They drew 7 ml's of blood. I'm not sure how that was divided up for the titers and his bloodwork. The cost was $65 for the distemper/parvo titer. The rabies titer was very expensive. It was $130. There are only 3 labs in the US that do the rabies titer and it takes over 2 weeks to get back. (We are still waiting). I think it's expensive because rabies is governed by local and state law, so there's not much wiggle room. You can choose not to give regular vaccines. But it is the law to have rabies, or an exemption by your vet.


----------



## LostLakeLua (Sep 6, 2009)

Yeah; I haven't had any of mine vaccinated for distemper at all except for the initial ones. I admit I haven't done titers either; but I still haven't bothered to "booster" them since they're not required anyway.
The only one I'm having second thoughts on (except for rabies, which I'd gladly pay the price for) is bordetella/kennel cough. It's not required by LAW, but it IS required by a lot of the dog-friendly places I like taking mine too. Our humane society actually has a dog park to which the proceeds benefit; and it's never really busy so I'd love to take Kahlua there... but they do require they be vaccinated against bordetella; and I TOTALLY understand why... I'm just hesitant to give her anything that SHE doesn't need...


----------



## 2Cheese (Feb 21, 2010)

That's awesome Tracy!!! Addy is due for her vaccines next month and I was going to do titers as well. I was wondering though...will you have to do a titer every year for rabies?


----------



## Brodysmom (Jan 8, 2009)

2Cheese said:


> That's awesome Tracy!!! Addy is due for her vaccines next month and I was going to do titers as well. I was wondering though...will you have to do a titer every year for rabies?
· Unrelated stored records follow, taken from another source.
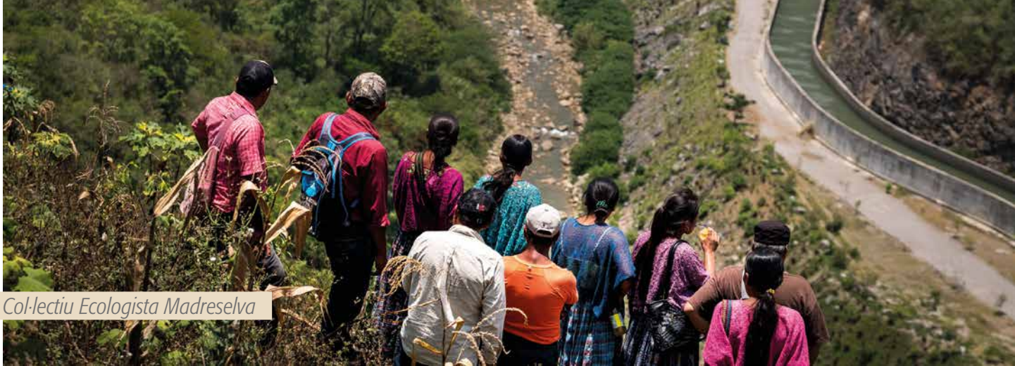
Col·lectiu Ecologista Madreselva

Violació del dret a la consulta, criminalització i judicialització del poble Maya Q'eqchi' de Santa María Cahabón
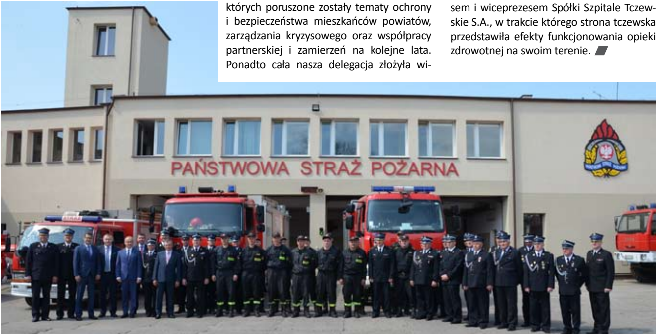
Delegacja z powiatu wodzisławskiego przed komendą w Tczewie

zytę w tczewskim starostwie, gdzie mogli zapoznać się nie tylko z warunkami pracy, lecz przede wszystkim z pracującymi tam osobami. Część spotkań partnerskich odbywała się przy udziale miejscowych władz gminnych, podczas których dzielono się też doświadczeniami w zakresie funkcjonowania samorządów. Ważną częścią wizyty było spotkanie władz naszego powiatu z prezesem i wiceprezesem Spółki Szpitale Tczewskie S.A., w trakcie którego strona tczewska przedstawiła efekty funkcjonowania opieki zdrowotnej na swoim terenie. ■
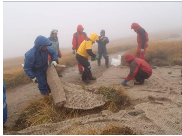
緑化ネットを敷設
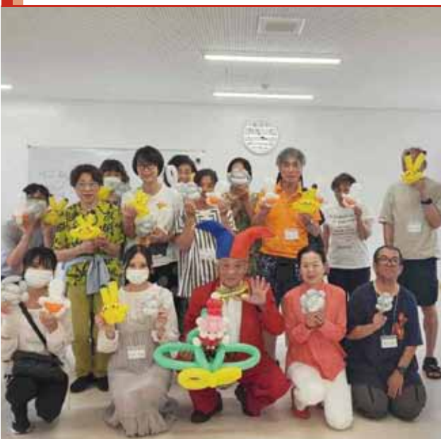
ボランティア入門講座(バルーンアート)
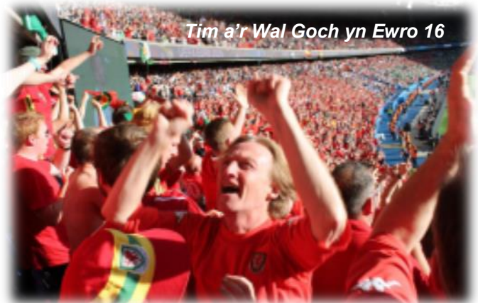
Tim a'r Wal Goch yn Ewro 16
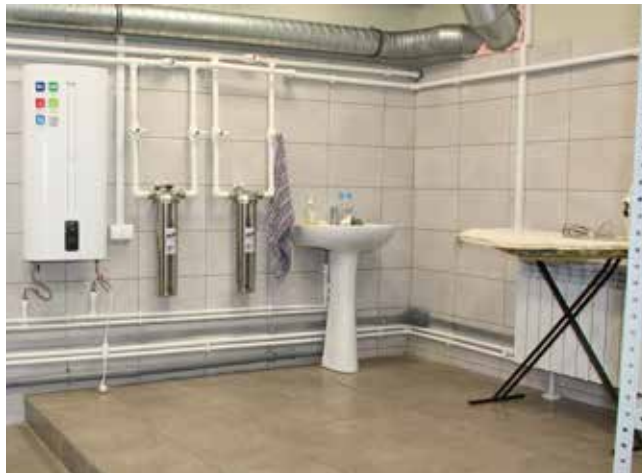
Место под гладку тоже предусмотрено
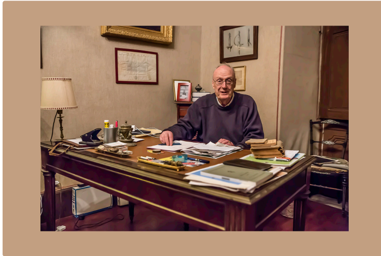
Perchède – Un trésor littéraire armagnacais...
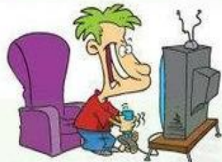
Jugar con videojuegos
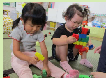
ふたりとも真剣です
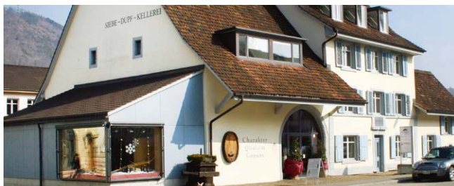
Die Siebe Dupf Kellerei 4
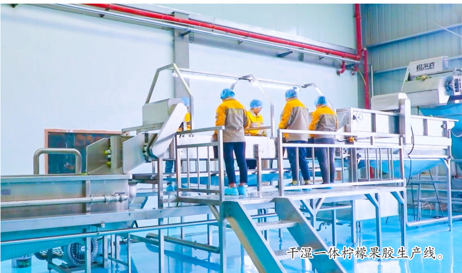
干湿一体柠檬果胶生产线。
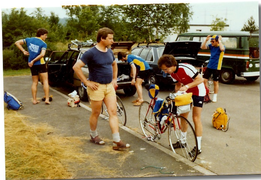
Abfahrt Stuttgart u. Offenburg
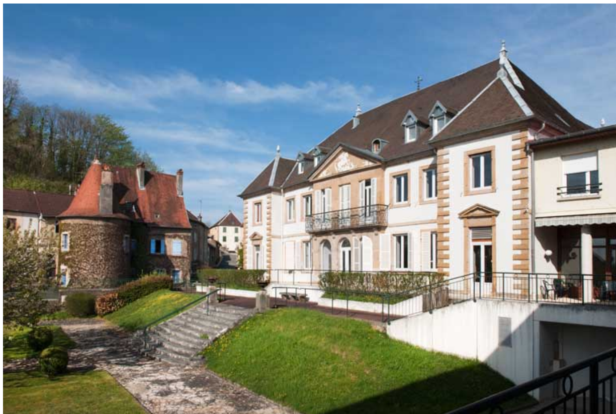
Vue d'ensemble de la maison du moulin et du château depuis le jardin.
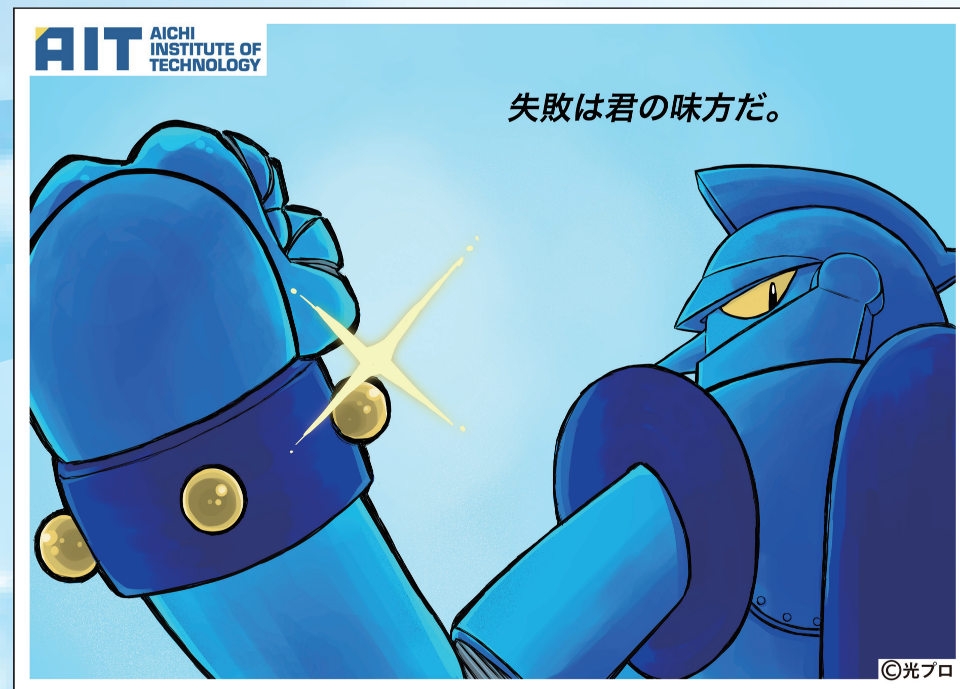
【作品に込めた思いやデザインの説明】

キャッチコピーやポージング、全体的なイメージは、鉄人28号というキャラクターを調べた時に、28号の28という数字は鉄人1号から、2号、3号…と失敗を積み重ねてきた証であるということから考えました。数々の失敗から生まれた鉄人28号が遅くガッツポーズをする事で、失敗する事は大切なこと、何事もチャレンジするのは大切なこと、というのを表現しました。看板的な視点では、腕をやや強調して描き、遅く頼れる感じをイメージし、前向きで明るいイメージにするために全体的に明るい青で表現し、差し色に黄色を用いて目を引くようにしました。
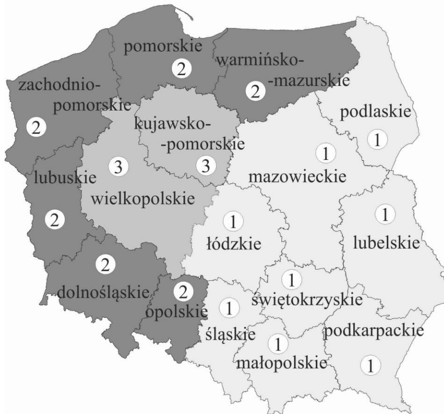
RYS. 4. ZRÓŻNICOWANIE REGIONALNE ROLNICTWA
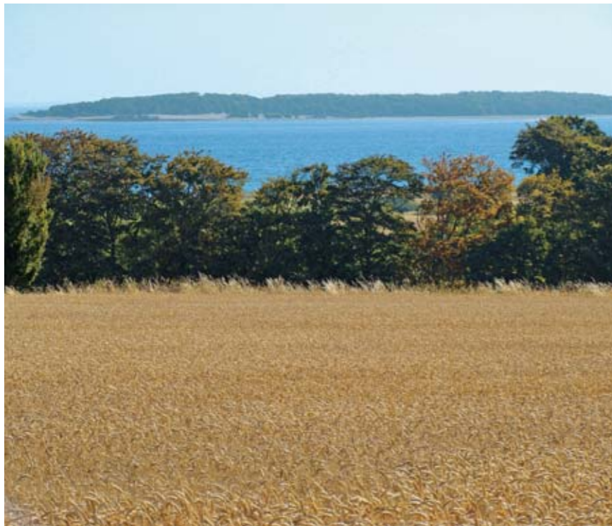
Romsø er perlen blandt kommunens skove. Hvis der blev lavet skovlovsaftaler på andre skove i kommunen - som der er blevet det på Romsø, vil naturindholdet i kommunens skove højnes meget betragteligt.
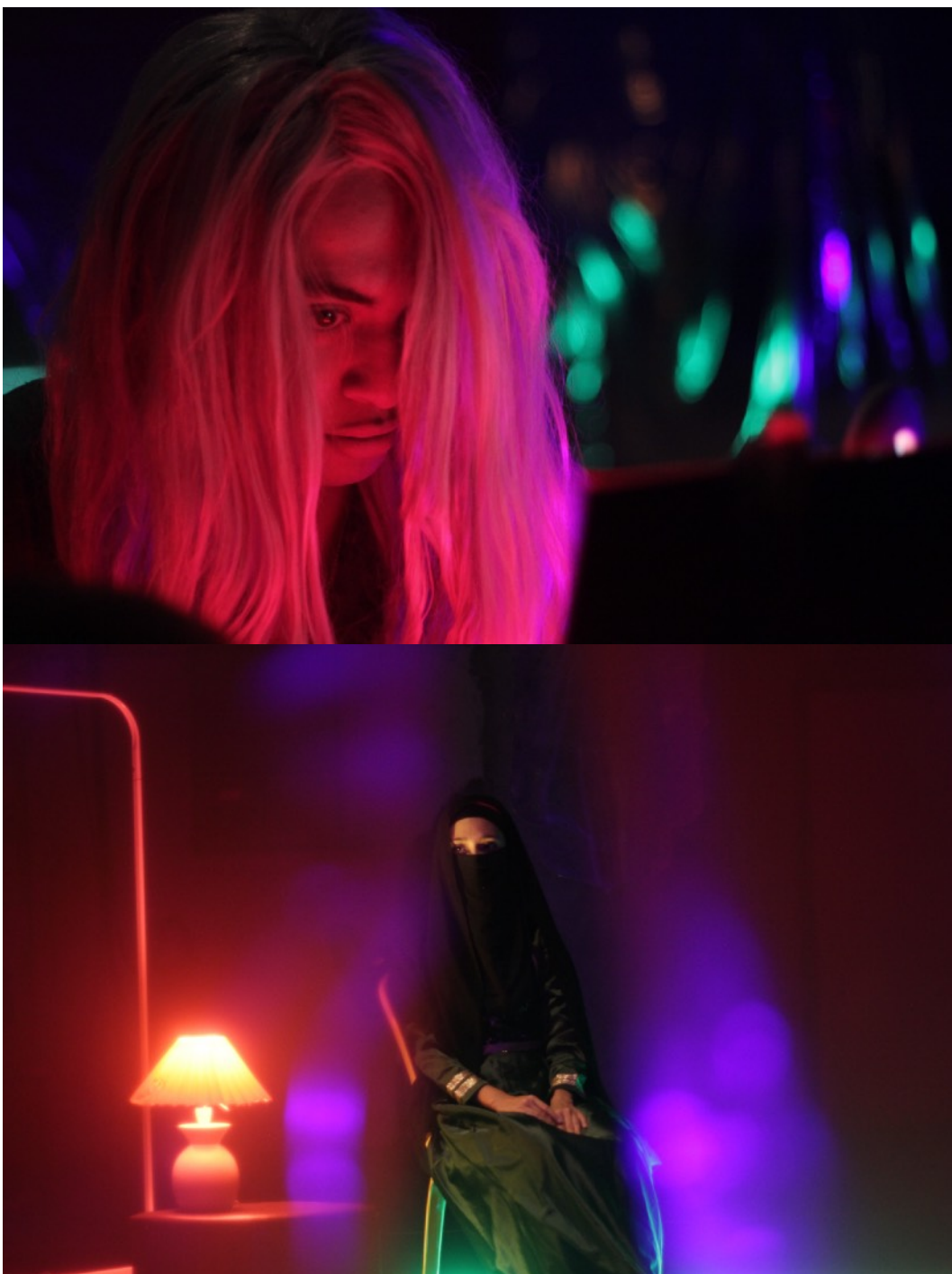
Foto sewaktu pementasan.

Penggunaan objek seharian seperti kertas dan plastik juga memantul dan membiaskan cahaya. Oleh kerana ruang ini tiada lampu istimewa, yang ada cuma lampu-lampu asas yang dikawal pada suis dinding, rekaan set secara tidak langsung memberikan lapisan-lapisan visual yang indah. Ada lapisan solid , transparent , dan translucent . Perspektif berubah untuk setiap posisi yang dipilih. Melihat secara berdiri berbeza pengalamannya berbanding melihat secara duduk di kerusi, dan duduk di kerusi berbeza dengan duduk di atas lantai. Jarak juga main peranan. Teater adalah pengalaman langsung yang amat peribadi. Tidak seperti teater proscenium di mana audiens melihat susunan imej dari jauh. Teater Normcore: Masam Manis menawarkan audiens untuk zoom in dan zoom out, untuk immerge ke dalam kisah di dalam bilik atau menjarakkan diri untuk perhati dari jauh. Setiap pengalaman unik untuk diri masing-masing.

No, my vet gave me an exemption. So Brody is compliant with local and state laws. If his rabies titer comes back showing adequate immunity, and I believe it will - it's still pending, then he won't be vaccinated again. :hello1:


----------



## 2Cheese (Feb 21, 2010)

Brodysmom said:


> No, my vet gave me an exemption. So Brody is compliant with local and state laws. If his rabies titer comes back showing adequate immunity, and I believe it will - it's still pending, then he won't be vaccinated again. :hello1:


That's awesome!!!! Im going to talk to my vet!! I was just there the other day and asked him about Lacey's vaccine. She is 6mos now and Im still trying to hold off. He said he will not inject her with the full syringe. He doesnt feel the need to. So I find some comfort in that.

But dang....the price of the titer is worth the exemption :hello1:


----------



## Brodysmom (Jan 8, 2009)

2cheese said:


> but dang....the price of the titer is worth the exemption :hello1:


exactly.


----------



## huskyluv (Oct 24, 2008)

Awesome news Tracy! I'm sure his diet has a huge amount to do with his good health!

I normally choose not to titer test and do not vaccinate except for the 3 yr rabies. At over $100 a pop for titer testing. these dogs would leave me broke if I had them all done each year! My dogs have had all their adult boosters and I don't intend to ever vaccinate again, save for the rabies every 3 yrs as required by law. Still, my dogs aren't due for rabies until 2012 and 2013. 

Now I do get their bloodwork done and HW test done, just not the titer tests. Even without the titer tests my annuals for all 3 of my dogs is around $600-$700. :nscared:


----------



## Lisajazzi (Oct 27, 2010)

That's very interesting! My vet has said that the 1st year booster is worth doing and then after that not for at least 7 years. It's interesting to hear about the titer levels without a first year booster.


----------



## Brodysmom (Jan 8, 2009)

Val - I don't blame you on the titers! They add up quick. It's not something I will be doing again for awhile. I feel confident that his immunity is high and will stay that way. FYI - if you tell your vet that your dogs had a reaction to the vaccine (hives, swelling, itching, vomiting) - they will write you an exemption.  Just a thought.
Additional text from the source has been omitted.